Monday, May 4, 2020

The law of necessity

Ely Cathedral and the fens
A new article by John Collins in Past & Present, "The Long Parliament and the Law of Necessity in Seventeenth-Century England", highlights the importance of claims of necessity in the history of environmental law. As necessity is also one of the foundations of much of the law made around historical epidemics, the topic is particularly timely. An excerpt from the article (notes omitted):
Narratives of perpetual necessity aroused concern in the early seventeenth century. Sir Edward Coke, for example, was worried about the power that the commissioners of sewers possessed over property in the Case of the Isle of Ely of 1609. The famed jurist heard these arguments while he was chief justice of the common pleas, a position he had obtained in 1606. This case was just one of several involving the ambitious undertakers of the English fens who sought, through mechanical improvements, to obtain control over the flood waters that engulfed the low-lying regions around Ely, in order to create productive, and enclosed, farmland. Their pursuits put them squarely at odds with those who wanted to keep the fens as they were so they could continue to enjoy public rights in the marshlands, with inhabitants from surrounding regions who did not want to pay the taxes required for the building of the pumps and dykes, and sometimes with landholders who had parts of their property expropriated so that the dykes could be built.
Legal cases arose over the statutes that authorized the commissioners of sewers. As David Chan Smith has so carefully shown in his recent book on Edward Coke’s jurisprudence, conflicts arose over ‘how taxes should be assessed to pay for sewer works and whether the commissioners had the power to direct the creation of new works’. The particular background to the Ely case involved a group of projectors who, in 1605, were going to drain the fens around Ely and pay for it either through direct or indirect expropriation of lands. While the commissioners of sewers decreed the project legal, the 1607 parliament had refused to sanction it.
In a reversal of previous judgements friendly to the discretionary powers of the commissioners, Coke attempted to bind them through a restrictive definition of necessity. For Coke, the commissioners of sewers could not tax English subjects unless there was an ‘inevitable necessity’ that mandated the construction of dykes, walls or other technologies to defend the land against floodwaters. Innovation was not included in Coke’s narrative of necessity. He only allowed taxation or the expropriation of property for the repair of pre-existing dykes or walls. For Coke, it was only for the sake of a structure that defended the English countryside against inevitable danger — a danger that was not presently visible but would assuredly manifest itself in the future, as the English knew from flood patterns and ocean forces through hundreds of years of experience — that the commissioners of sewers could transform the property of English subjects to achieve the preservation of the commonwealth.
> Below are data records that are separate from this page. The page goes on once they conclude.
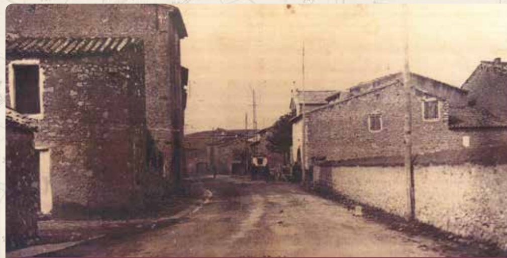
ENTRÉE EST EN 1910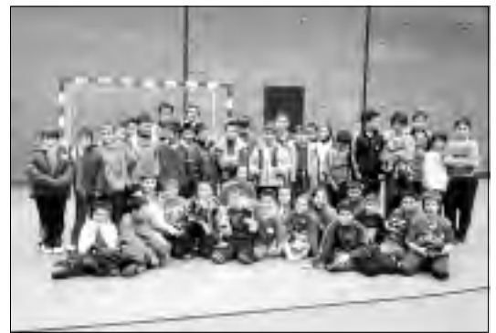
Equipos participantes en las últimas jornadas de JUDEX.

El ánimo se ha acrecentado en este grupo de jóvenes deportistas motivados por los excelentes resultados obtenidos, y además por sentirse muy apoyados por su entrenador, y desde la grada por familiares y amigos en todos los encuentros disputados, y ya ansian la fecha de la próxima concentración, pues la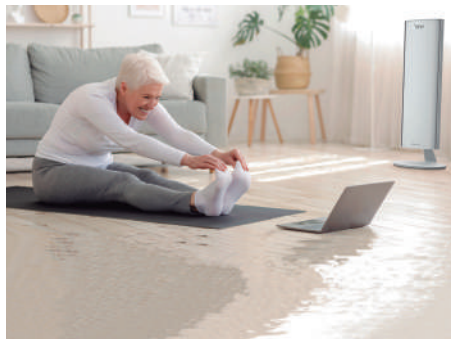
Residências Particulares Private Residences

If any type of actual innovation was going to be made, the houses of parliament needed to approve it.
In many ways, Coke was an exceptional figure within the English legal community, as those judges who ruled before him on the various statutes of sewers and those who read after him, most notably Robert Callis, did not agree with his restrictive understanding of necessity. For Callis, who gave a reading on Henry VIII’s statute on sewers in 1622 at Gray’s Inn, Coke’s ruling did not fully appreciate the equity embedded in the powers given to the commissioners of sewers. Because their work was of such a ‘great and urgent necessity and use for the good of the whole Commonwealth of the Realm’, the intent ‘maybe extended in exposition beyond the letter of the words’. An equitable reading of the statute allowed judges to ‘inlarge the letter of the Law in the sence of construction, because it tends so much to the advancement of the Commonwealth’. For Callis (who in all likelihood stood to gain from the drainage projects), the soul of the law allowed for new projects even while its strict wording did not. Callis’s reading, at least in 1622, was the legal victor. Stuart lawyers in general allowed a relatively wide latitude when it came to the application of the law of necessity. Utility and improvement, as well as preservation, fitted into their narrative of necessity, which in turn provided those empowered to utilize such narratives a broad remit to generate novel positive laws.